Asked if it was solely a decision reached by Raiders owner Mark Davis, Gruden said, "We all work for the same man."

McKenzie, who was the first major hire made by Davis after he took over the team following the death of his father, Al, in 2011, spoke in late October of reports of a rift between him and Gruden, and he called it "comical."

"You talked about pulling the strings, and you know, Gruden and I, we work together very well," McKenzie said at the time. "Let's make no mistakes about it. Him pushing me out, that's not happening. Me not being able to work with Gruden, that's furthest from the truth. OK? We work really well together.

"We're in each other's offices all the time. Talking about players, who's up, who's down, who I would like to see play more. Practice squad guys. About moving this guy. Claiming this guy. Trading. Guys calling me about trading this guy -- here's what I think, what do you think?

"Moving forward, when you talk about the negativity that I hear is between me and Gruden, there's been times I want to make a statement and say, 'Really?'"

Asked then who might be "untouchable" on the Raiders' roster as the trade deadline loomed, McKenzie joked, "I'm untouchable."

The Raiders' roster was torn down with the high-profile trades of All-Pro edge-rusher Khalil Mack on Sept. 1 and Pro Bowl receiver Amari Cooper on Oct. 22, hastening the rebuild in Oakland less than two years before the franchise moves to Las Vegas.

In fact, only nine of McKenzie's 50 pre-Gruden draft picks (from 2012 through 2017) are on the Raiders' 53-man roster, and 36 current players did not spend a day on Oakland's 53-man roster last season.

Davis lauded the financial efforts of McKenzie, whom he often referred to as his "guy" upon hiring him three months after the death of Al Davis, crediting McKenzie's acumen in getting the Raiders out of "salary-cap hell."

But other than the 2014 draft -- which netted Mack, quarterback Derek Carr, right guard Gabe Jackson and defensive tackle Justin Ellis--McKenzie's picks have left much to be desired, Davis said in a recent interview.

"It's been all part of an evolution, but I think it's becoming clearer and clearer to Jon, as well, that the talent is just not here at this time," Davis told ESPN last month.

"The drafts did not help supplement what we were doing in the free-agent market. If you look at our roster now, it's a bunch of free-agent, one-year guys that are mercenaries. And they're great guys, and they're Raiders. Once a Raider, always a Raider ... but we just don't have the overall talent of a 22-man roster."

Davis said on the night of Nov. 11, when the Raiders fell to 1-8, that the "buck" stopped with him, though he and McKenzie needed to "sit down and talk and figure out how we are going to go about the future. We've got to look in the mirror and figure out where the hell did we go wrong in trying to build this thing?
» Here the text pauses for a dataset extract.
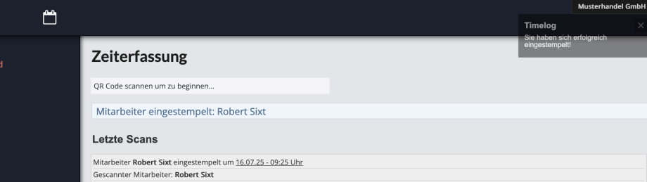 Scannen Sie die Aktion, im Beispiel „Einstempeln“, um die Zeiterfassung für den Mitarbeiter zu starten. Das Terminal bestätigt Ihnen jeden Scanvorgang im Modul „Letzte Scans“ und bestätigt jede erfolgreiche Aktion.
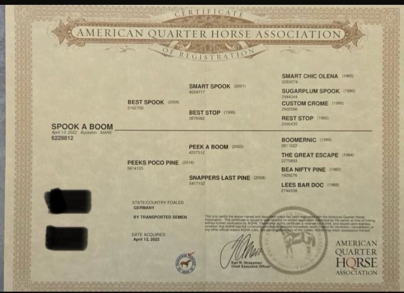 Bildhübsche Quarter Horse Stute mit bestem Reiningblut in Sonderfarbe Buckskin. Baty stammt aus eigener Nachzucht und sucht nun ein gutes neues Zuhause. Aktuelles Stockmaß ca. 148 cm. Baty ist äußerst liebenswert und talentiert. Sie wurde schonend gestartet, läuft alle Grundgangarten sicher unter dem Reiter und besitzt eine solide Grundausbildung. Sie zeigt schöne Bewegungen und ist sicher auch interessant für die Ranchridingklassen. Baty wurde regelmäßig entwurmt, geimpft und ist schmiede- und verladefromm. Sie ist im EWU Jungpferdeprogramm eingezahlt. Beide Eltern 5 Paneltest n/n. Sie wuchs artgerecht im Herdenverband auf und ist im Handling äußerst umgänglich. Röntgenbilder vorhanden, Preis der Qualität entsprechend.

"We failed. I have failed. But at the same time, we wouldn't have been in the great position we were in without Reggie McKenzie being here."
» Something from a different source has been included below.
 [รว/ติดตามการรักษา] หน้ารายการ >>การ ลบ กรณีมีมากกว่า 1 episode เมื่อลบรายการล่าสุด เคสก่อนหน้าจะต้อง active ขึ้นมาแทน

Since that night, the Raiders are 2-2.

Gruden said he was not sure if he would be involved in the interview process for McKenzie's replacement, adding that he would not reveal any potential successors because "I don't know of any."

"I know Mark is going to accumulate a list of names and candidates, and I'm sure we'll discuss those people later this week," Gruden said. "Right now, I don't have any idea."

Gruden said Shaun Herock, the Raiders' college scouting director, will handle the day-to-day responsibilities in McKenzie's absence.

"I expect him to be a big part of the organization moving forward, honestly," Gruden said.

While the timing of McKenzie's firing might seem odd, it does allow for the Raiders to move forward as the team's scouts arrive at the facility this week for draft-related meetings. If McKenzie was not going to be a part of that process, it made no sense -- nor was it fair -- for him to run those meetings.

The Raiders went 39-70 with McKenzie as GM, 29th in the NFL (.358 win percentage) in that time span.